Jefferies upped its expected price for Chevron's shares in a July 11 note to $116 from $114 and bumped Marathon's price target to $17 from $16 on its belief that "the oil market is in the early stages of a sustainable but protracted recovery."
The firm's thesis for improved long-term share prices rests on the notion that the imbalance of oil supply and demand will migrate back to balance and then on to an undersupply in the back half of 2016.
"Oil prices may not fully react to the fundamental undersupply until inventories draw to more normal levels in the late 2017/early 2018," Jefferies Jason Gammel and Marc Kofler wrote Monday. "At that point we believe $70 oil is fundamentally supported."
But in the near-term, Jefferies said oil prices have moved to a level that is within reach of the $61 per barrel mark, which the firm calls the "break-even" point for the sector.
"This improves the defensive qualities of the IOCs as dividends can generally be viewed as safe in the near-term," Gammel and Kofler said. "However, valuations are increasingly stretched and we believe these stocks are now discounting oil prices well over $80[per barrel] long-term on an intrinsic basis."
Jefferies said that the shares of these players have an embedded option value linked to oil price momentum and volatility, however, and cautioned that "this option value could be the more important driver of stock performance in the near term if oil prices remain volatile."
Nevertheless, integrated oil majors have signaled belief in an improving commodity environment recently, with Chevron's announced $37 billion expansion of the Tengiz oil field in Kazakhstan and Shell's planned Pennsylvania petrochemical facility, which Jefferies expects could require about $8 billion of capital.

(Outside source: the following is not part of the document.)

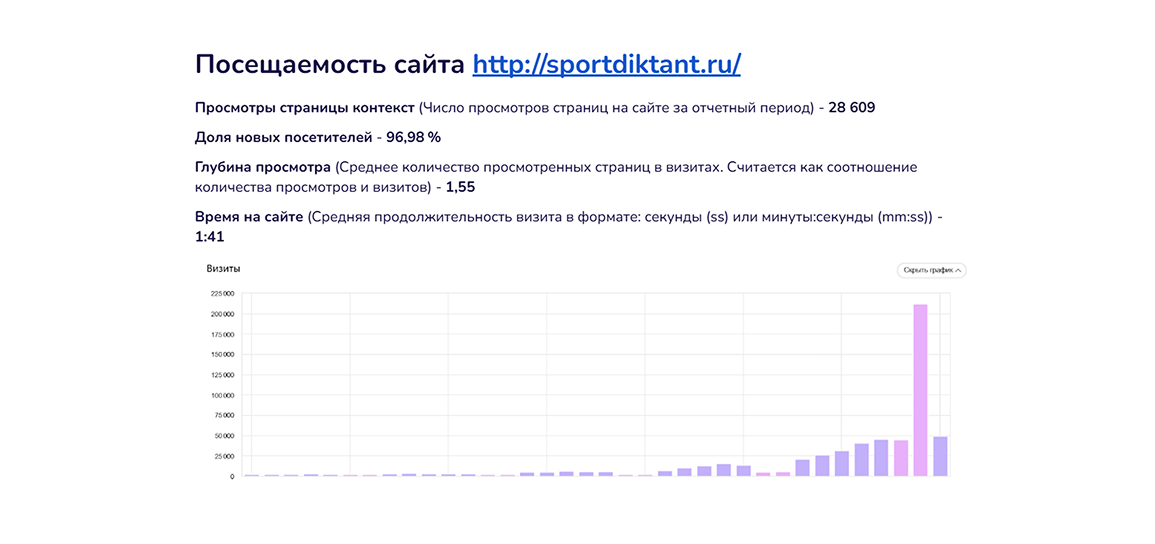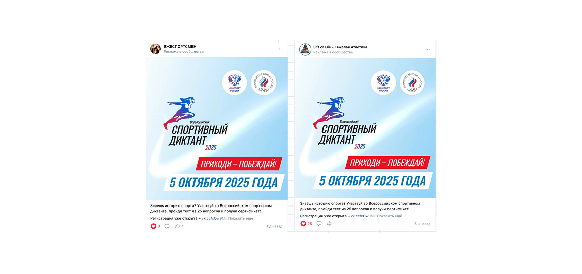 «Спортивный диктант» — это всероссийская акция Олимпийского комитета России о спорте и здоровом образе жизни, в которой участники проходят онлайн-тест и получают сертификат. Проект работает по всей России, акцент на массовую B2C-аудиторию: школьники, студенты, молодые родители, любители спорта.
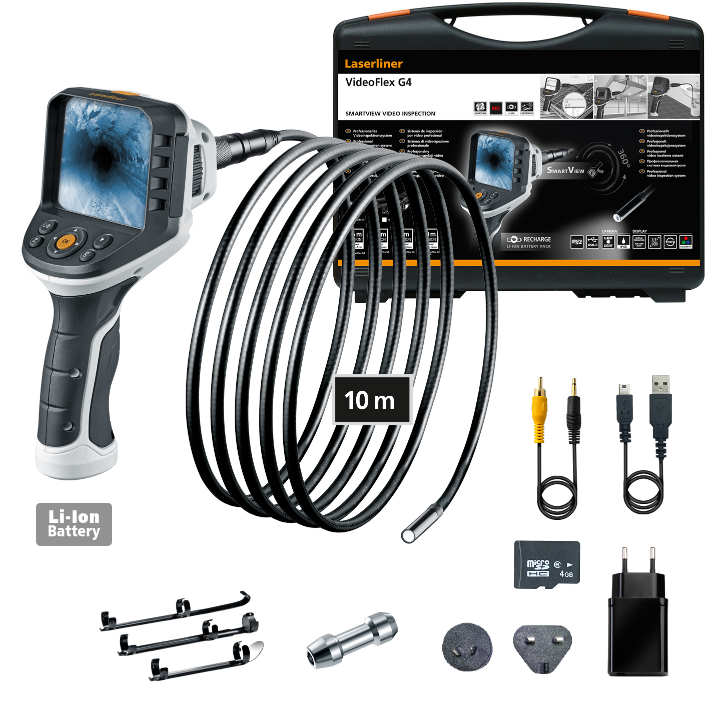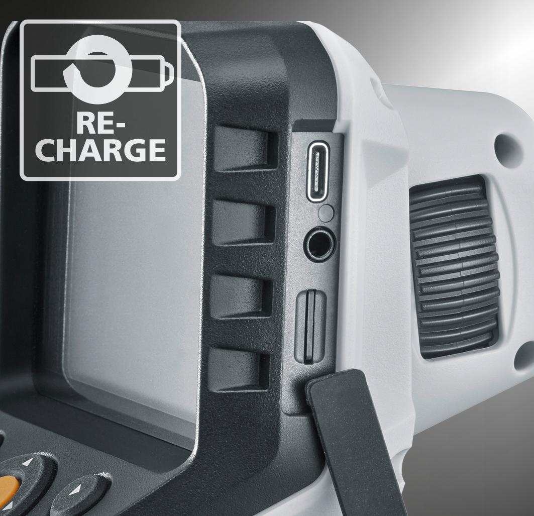 Das professionelle Videoinspektionssystem ermöglicht visuelle Kontrollen an schwer zugänglichen Stellen, beispielsweise in Rohrleitungen, Wandhohlräumen und Kraftfahrzeugen. Der Anwender hat eine einfache räumliche Orientierung durch intuitives Drehen der Basiseinheit. Für den Einsatz auf großer Distanz ist der extrem lange Flexschlauch ideal. Mit effektiver LED-Objektbeleuchtung gelingen selbst unter schlechten Bedingungen aussagekräftige Aufnahmen. Aufgrund einer naturtreuen Wiedergabe von Farben wird eine realitätsnahe Darstellung geboten. Details lassen sich über die Zoom-Funktion klar erfassen. Das ergonomisch designte Gerät liegt gut in der Hand und ist auch bei längeren Arbeiten angenehm zu nutzen. Acht verfügbare Sprachen und die wechselbare Kameraeinheit sorgen für vielfältige Einsatzmöglichkeiten. Eine SD-Speicherkarte dient zur Dokumentation und die USB-C-Schnittstelle zum Auswerten der Bilder und Videos.

And Barclays analysts also were slightly optimistic on North America's integrated oil space Monday, noting that it expects its group of 10 major oil companies, which includes Chevron and Marathon as well as ExxonMobil (XOM) - Get Report, to report second quarter results mostly above consensus.
"However, while oil & gas prices have recovered sharply from multi-year sub-$30/bl lows in [the first quarter], we expect most companies to be unable to generate positive earnings, even at a mid-$40/bl oil price deck-with the notable exception of XOM," Barclays' Paul Cheng wrote Monday.
Barclays also conceded that Chevron will likely report positive second quarter earnings, but the firm continues to favor NYSE-listed Canadian integrated major Suncor Energy (SU) - Get Report and oil explorer and producer ConocoPhillips (COP) - Get Report in the oil and gas space.
Jefferies calls for positive earnings per share reports from Chevron, Exxon, BP and Royal Dutch Shell, and expects second quarter losses from ConocoPhillips and Marathon.
Look to the final week of July to see if Barclays and Jefferies' predictions ring true. BP kicks off the earnings season for the majors on July 26, with ConocoPhillips following suit July 28, Chevron and Exxon reporting July 29 and Marathon rounding out the group Aug. 4.